As announced in the accompanying article, the NOAO archive is transitioning to a new flavor of the FITS (Flexible Image Transport System) format. Tile-compressed FITS is a way to represent compressed data within FITS itself, not through the use of some external compression program like gzip. This is similar to how the jpeg, gif or png standards contain built-in compression algorithms.
The IAU FITS working group has recognized the tile compression format since 2001 (http://fits.gsfc.nasa.gov/registry/tilecompression.html). Tile compression has numerous benefits. Images are encoded as FITS binary tables and many standard FITS tools can be used. For instance, image headers remain fully readable. Access is very rapid since each rectangular tile (default is one image line) can be accessed individually without having to uncompress any other pixels.
Multiple image compression algorithms are supported to allow each class of data to benefit from a tailored choice (both lossless and lossy options are supported). For most astronomical data, the lossless Rice algorithm appears to be the best trade-off between speed and compression factor. In fact, Rice is both significantly faster than gzip and produces higher compression ratios, thus smaller files.
By contrast, gzip is a dictionary based compression algorithm well designed for text files. Astronomical images are numerical and it is not surprising that gzip is not ideal for such data. Numerical compression algorithms like Rice have highly beneficial features such as compressing 16-bit and 32-bit pixels of the same data into the same absolute size. This is critical for efficiently representing data (as from 18-bit ADCs) that fall between these short and long integer sizes.

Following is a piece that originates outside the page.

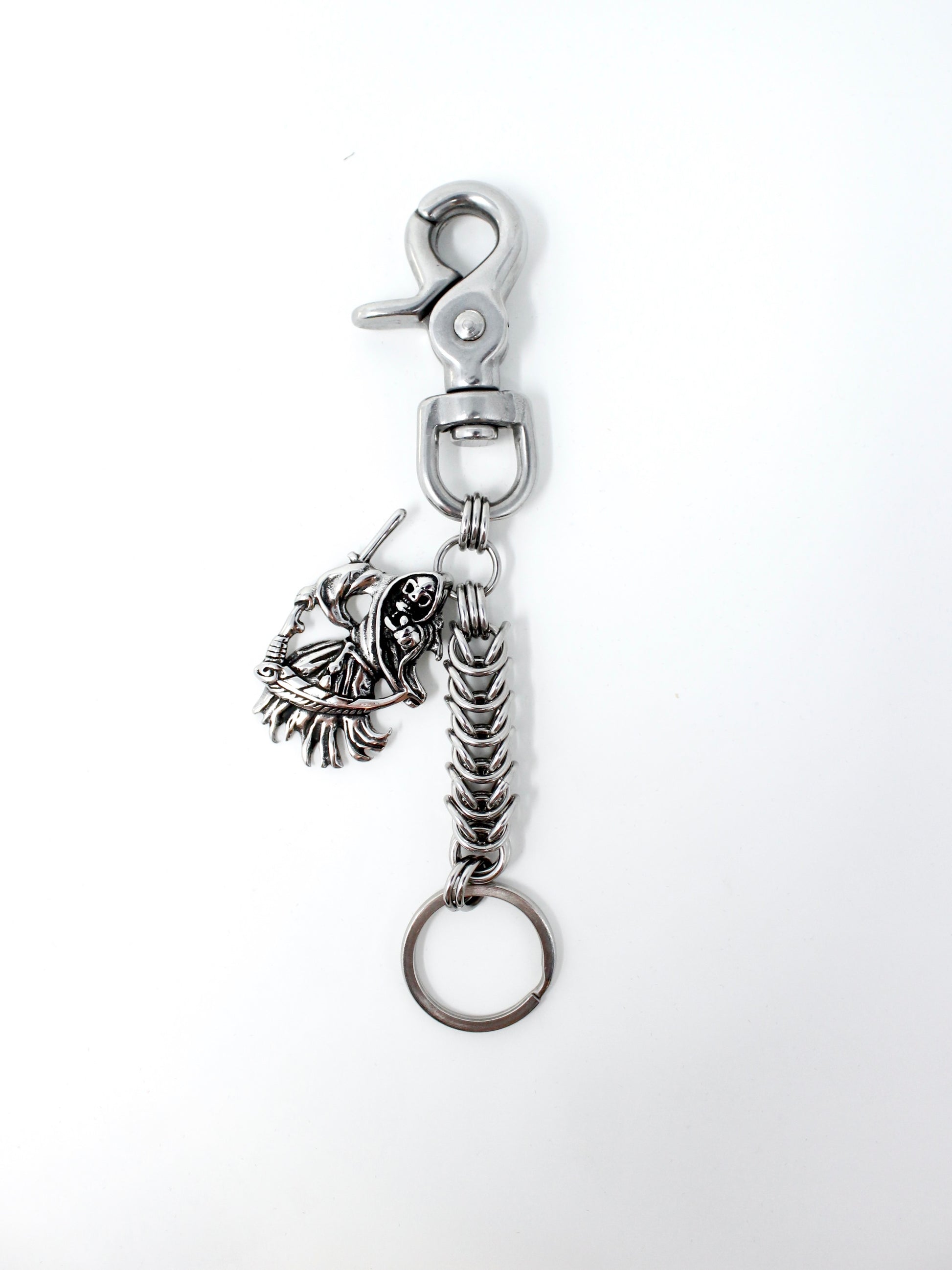 Heavy duty and hellish keychain with a bold grim reaper pendant and trigger snap clasp. Super convenient to clip to your belt loops, tote bags/ purse straps, etc!

Support for on-the-fly tile compression is built-in to the widely used CFITSIO library, and is available for numerous computer platforms via the standalone FPACK and FUNPACK tools (http://heasarc.nasa.gov/fitsio/fpack). The FITSUTIL package provides support for IRAF users (see http://iraf.noao.edu/extern.html).
Compression is intimately related to the noise within an image. This is discussed in a recent paper, "Lossless Astronomical Image Compression and the Effects of Noise" (http://arxiv.org/abs/0903.2140), with Bill Pence (NASA/GSFC) and Rick White (STScI). FPACK via the underlying tile compression format provides a tool for properly managing that noise.

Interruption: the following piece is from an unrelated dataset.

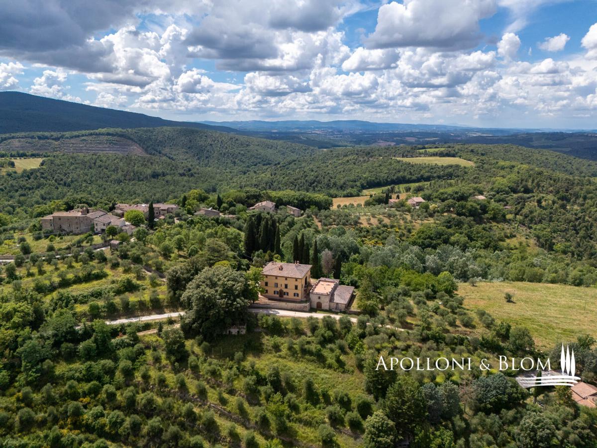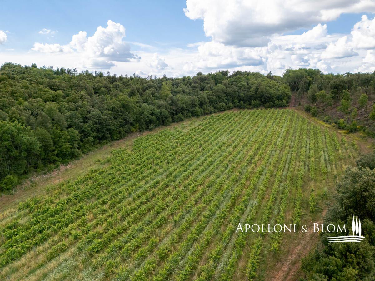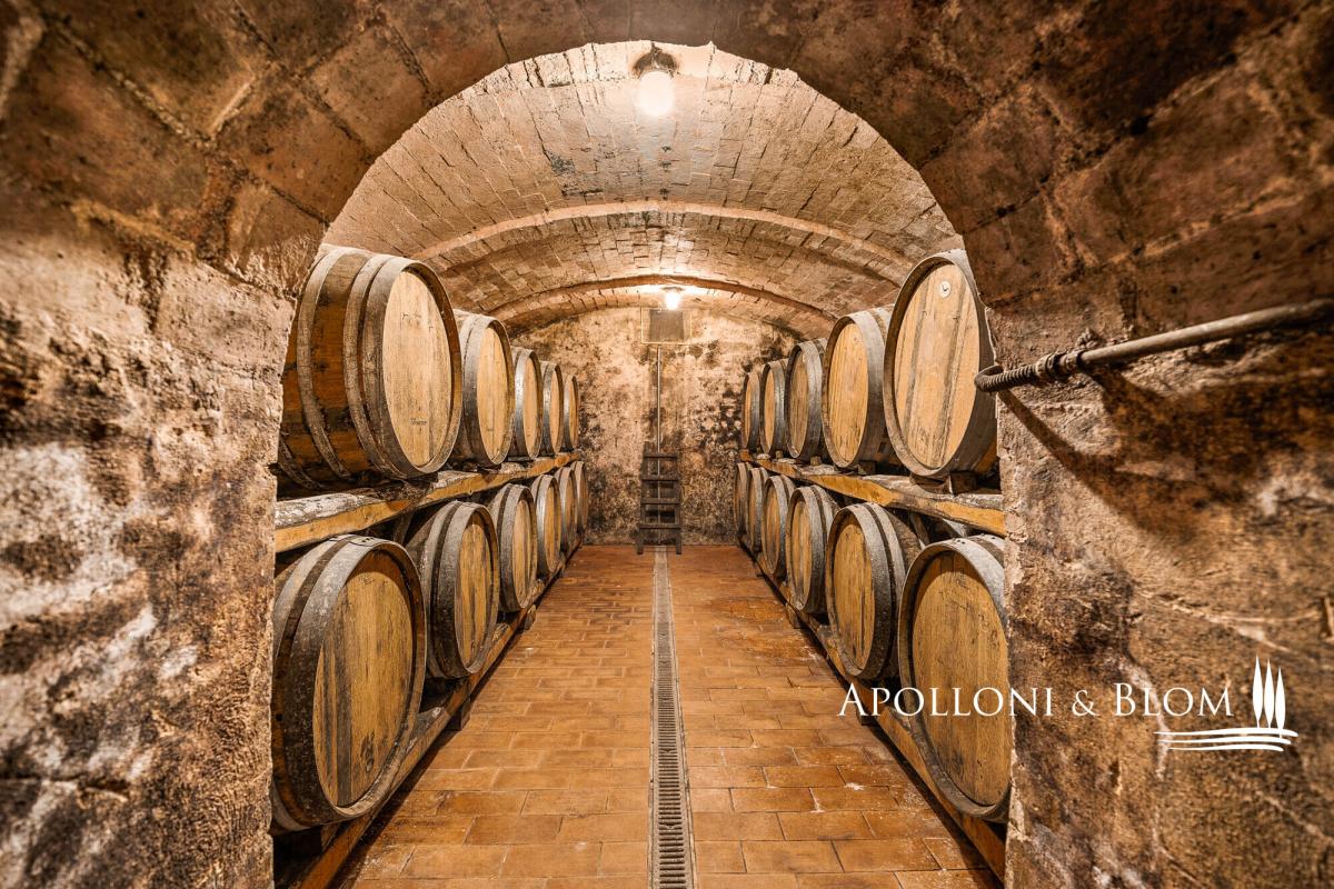 Supreme opportunity in Chianti near Siena, for sale over 500-acre authentic Italian Eighteenth century estate with vineyards and cantina. Among the Chianti hills, at 350 meters above sea level, halfway between the magnificent Gothic city of Siena and the medieval castle of Monteriggioni, just 40 minutes south of Florence, Palazzetto Manor dominates an enchanting scenery over its 205 hectares/506 acres of private land accounting its first vineyards planted back in 1970. Built on the foundations of a medieval fortress, this classic 18th-century villa extends over three floors overlooking the park; the stone decorations enhance its elegant character, typical of the country residences of Sienese aristocratic families. The interior can accommodate either a private residence or a boutique hotel up to 8-10 bedrooms, all boasting natural light and views over the park and the surrounding with villages, woods and isolated farmhouses. The entrance foyer and main staircase are suitable for the installation of a modern elevator. The main hall on the first floor features a full-height arched window, a fireplace and access to a balcony and bridged walkway leading to a great terrace. Here a brick balustrade frames the magnificent open landscape. Recent renovations included the complete re-roofing, plastering of the facades, a pellet boiler heating system, parquet flooring and full decoration of two elegant bathrooms on the first floor. The large terrace is the rooftop of the second building dedicated to the winery facility, with stunning brick vaulted ceilings, and producing some 30,000 bottles of Chianti Colli Senesi DOCG and Toscana IGT a year, sold both in the domestic and foreign markets. The vineyards, in conversion to organic with certification expected in 2026, cover approximately 14 hectares/34.5 acres and are planted mainly with Sangiovese, Canaiolo, and vines of Cabernet Sauvignon, Merlot and Syrah. From the cantina ground floor, a stone-walled tunnel, built in the first half of the 1900s, provides a very impressive connection to a cave and to an internal staircase leading directly to the main foyer of the house. It is possible to transform the cellar building into living quarters and create a new separate building entirely dedicated to the farm and winery facilities. Part of the arable land can also be converted to vineyards to increase production. With its strategic location on the outskirts of the city of Siena, elegant historical features with over three hundred years of history and a long passion for Tuscan red wines, Palazzetto Mansion offers a great opportunity to become an exclusive boutique wine resort or a fine and luxurious private residence to enjoy with family and friends. PROPERTY Ref: SIE3021 Location: Monteriggioni, Province: Siena, Region: Tuscany Type: 205-hectares/506 acres farm cultivating vineyards and olive groves, featuring a 800 sq m/8611 sq ft 18th century three story villa, a 650 sq m/6996 sq ft stone building with roof terrace dedicated to wine making facility, garage and annexes Year of renovation: facades and roof completed 2022 Land/Garden: 205 hectares including 60 ha/148.2 acres of arable land, 125 ha/308 acres of forest, 14 ha/34.5 acres of vineyards, 1.6 ha/4 acres of olive groves, and over 4 ha/10 acres of pasture and rural areas Swimming pool: option available to build it either for private use (5x10mt) or tourism hospitality (7x14mt) Utilities: Fixed telephone network: available Internet/Wi-Fi: available Heating: methane + pellet + fireplaces Water: mains city supply + private well Electricity: available Waterwaste: Imhoff tank Distance from services: 5km Distance from the main airports: Firenze 70km, Pisa 95km Gravel road: 300 mt Manor Villa Basement Floor: vaulted cave with access to tunnel Ground Floor: entrance hall with foyer and stairs to the various floors, living room, study, staff rooms, pantry, kitchen, butler and back staircase, technical room with pellet boiler and storage room with easy outdoor access First Floor: double living room with fireplace and access to a balcony, a bridge and a great panoramic terrace, eat-in kitchen, 3 double bedrooms, 1 family bathroom, 1 bedroom with en suite bathroom Second Floor: 10 rooms to be converted in further bedrooms and bathrooms Stone building Cantina Ground Floor: 2 rooms with production areas, steel tanks and wooden barrels, a tunnel and access to the villa cave First Floor: rooms for storage and warehouse use with three entrances directly from the outdoor DETAILS ON WINE PRODUCTION - Current vineyard surface: 14 hectares/34.5 acres - Appellation: Chianti dei Colli Senesi DOCG, IGT Toscana - Varieties: Sangiovese, Canaiolo, Merlot, Cabernet Sauvignon, Syrah - Average altitude: 250 – 330 m asl - Soil: - Planting distance: 2.50×0.90 m - Years of planting: 1974 – 2000 - 2003 – 2005 - Training: pruned-spur cordon (4,000 vines/ha) - Yearly production: up to 30,000 bottles - Wine produced: Chianti dei Colli Senesi DOCG, IGT Toscana - Wine making Facility: 650 sq m/6996 sq ft two-story stone building with roof terrace- terrace

In particular, FPACK supports noise-sensitive scaling of floating point data to achieve high compression ratios while preserving the scientific content of data. Similar sigma-scaling benefits have been widely discussed recently, for example for the JDEM mission (http://arxiv.org/pdf/0910.4571) and by the Astrometry.net project (http://arxiv.org/pdf/0910.2375). The remarkable results from the Kepler mission rely on noise-scaled data (http://arxiv.org/pdf/1001.0216, section 3.2). To this, FPACK adds the beneficial feature of subtractive dithering (http://www.adass2009.jp/poster/files/PenceWilliam.pdf).
This has been a dense article even with several features and references omitted (eg., a truly gripping discussion of integrated FITS checksum support). Even so, I hope I have conveyed some of my personal excitement over the galvanizing opportunities facing astronomical data compression. This is a transformative technology that will be key to meeting the aggressive data handling requirements for near future projects relying on rapid-readout gigapixel cameras such as the Dark Energy Survey, the WIYN One Degree Imager, and the Large Synoptic Survey Telescope. The soul of data compression is not the static storage of data, but rather the dynamic optimization of throughput throughout Observatory data flow and the community O/IR System.